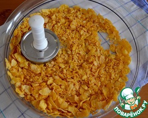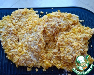 Итак, куриную грудку нарезать в виде отбивных и слегка отбить. Кукурузные хлопья растолочь, можно положить в пакет и побить молоточком...
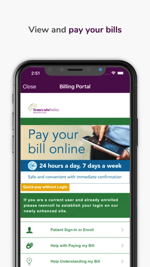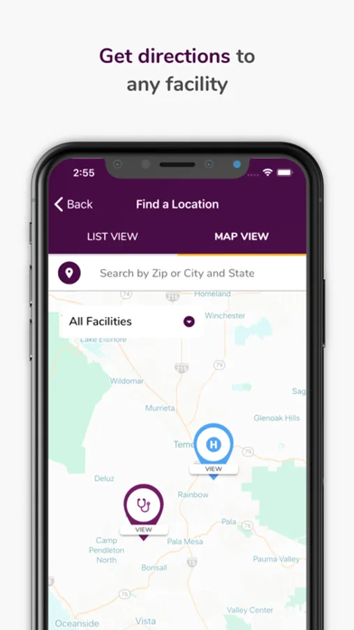 The SWHS app gives you the location and directions to the nearest Southwest Health System facilities based on the type of care you need. It also allows you to search providers, view ER wait times, schedule an appointment, view health records, pay your bills, and find nearby amenities like restaurants, gift shops and florists.
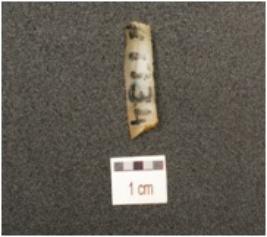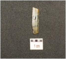 | Description / विवरण | Fragment of parallel sided chalcedony blade with double ridge on dorsal, trapezoid in section, use wear marks on cutting edge and broken along both ends. |
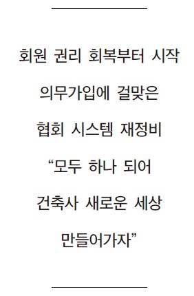 이어 의무가입 시대를 맞아 변화와 개혁에 대한 주문도 내놨다. 석정훈 회장은 “의무가입은 건축사에게 변화하고 혁신하도록 요구하고 있다”며 “건축사도, 협회도, 건축계도 모두 변해야만 한다. 변해야만 개혁할 수 있고 개혁해야만 새로운 질서, 새로운 세상을 만들어 낼 수 있다”고 전했다. 이를 위해 회원 권리 회복부터 시작해 의무가입에 걸맞은 협회 시스템을 재정비할 것임을 강조했다.
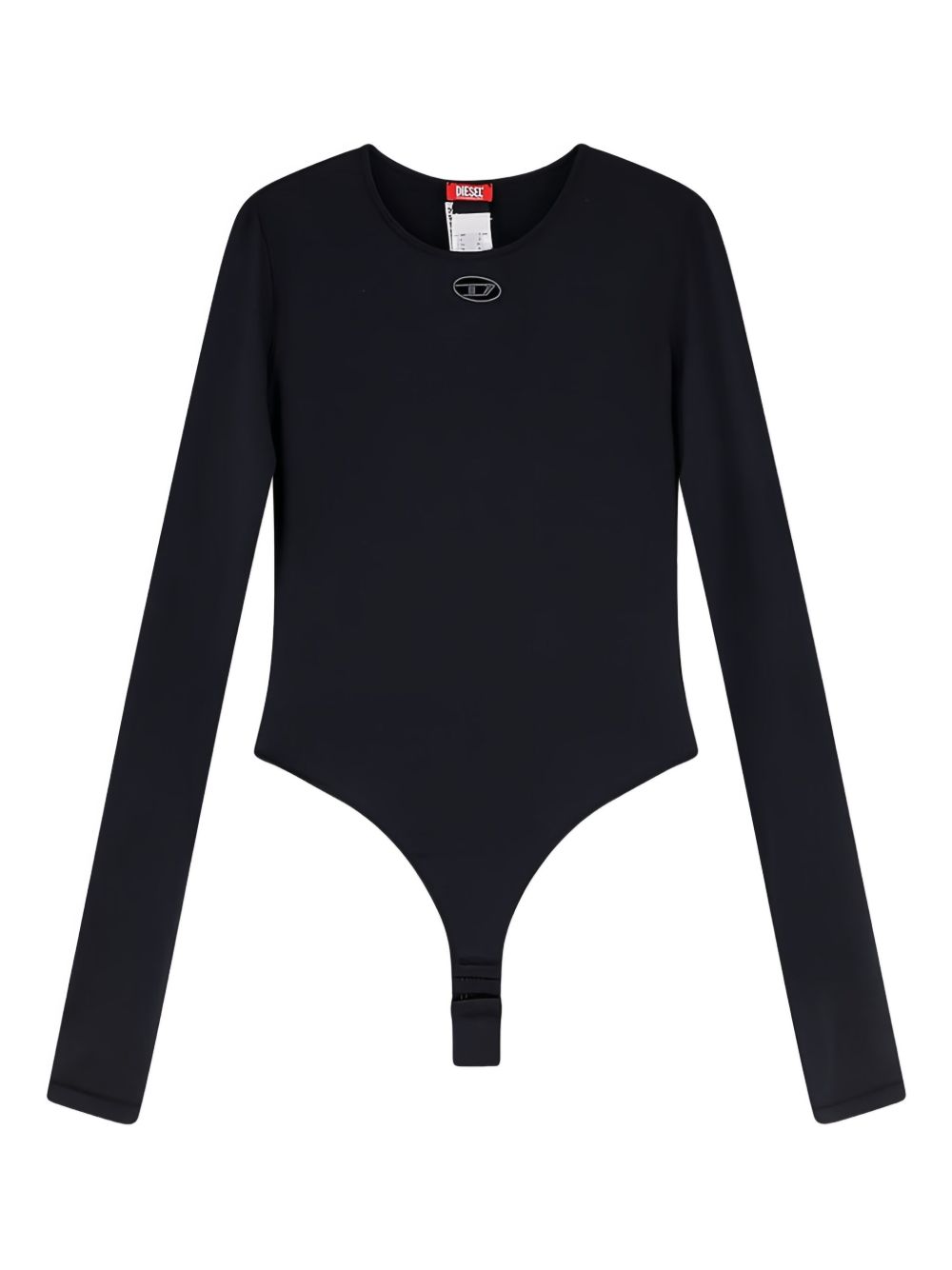 Body nero Angelina Utlt di Diesel in poliammide con scollo rotondo, caratteristico dettaglio con logo e maniche lunghe.

#####

**Task prompt**: Your answer must be the full listing, copied exactly, with no pictures in it.

**Solution below**:
 Итак, куриную грудку нарезать в виде отбивных и слегка отбить. Кукурузные хлопья растолочь, можно положить в пакет и побить молоточком...
 The SWHS app gives you the location and directions to the nearest Southwest Health System facilities based on the type of care you need. It also allows you to search providers, view ER wait times, schedule an appointment, view health records, pay your bills, and find nearby amenities like restaurants, gift shops and florists.
 | Description / विवरण | Fragment of parallel sided chalcedony blade with double ridge on dorsal, trapezoid in section, use wear marks on cutting edge and broken along both ends. |
 이어 의무가입 시대를 맞아 변화와 개혁에 대한 주문도 내놨다. 석정훈 회장은 “의무가입은 건축사에게 변화하고 혁신하도록 요구하고 있다”며 “건축사도, 협회도, 건축계도 모두 변해야만 한다. 변해야만 개혁할 수 있고 개혁해야만 새로운 질서, 새로운 세상을 만들어 낼 수 있다”고 전했다. 이를 위해 회원 권리 회복부터 시작해 의무가입에 걸맞은 협회 시스템을 재정비할 것임을 강조했다.
 Body nero Angelina Utlt di Diesel in poliammide con scollo rotondo, caratteristico dettaglio con logo e maniche lunghe.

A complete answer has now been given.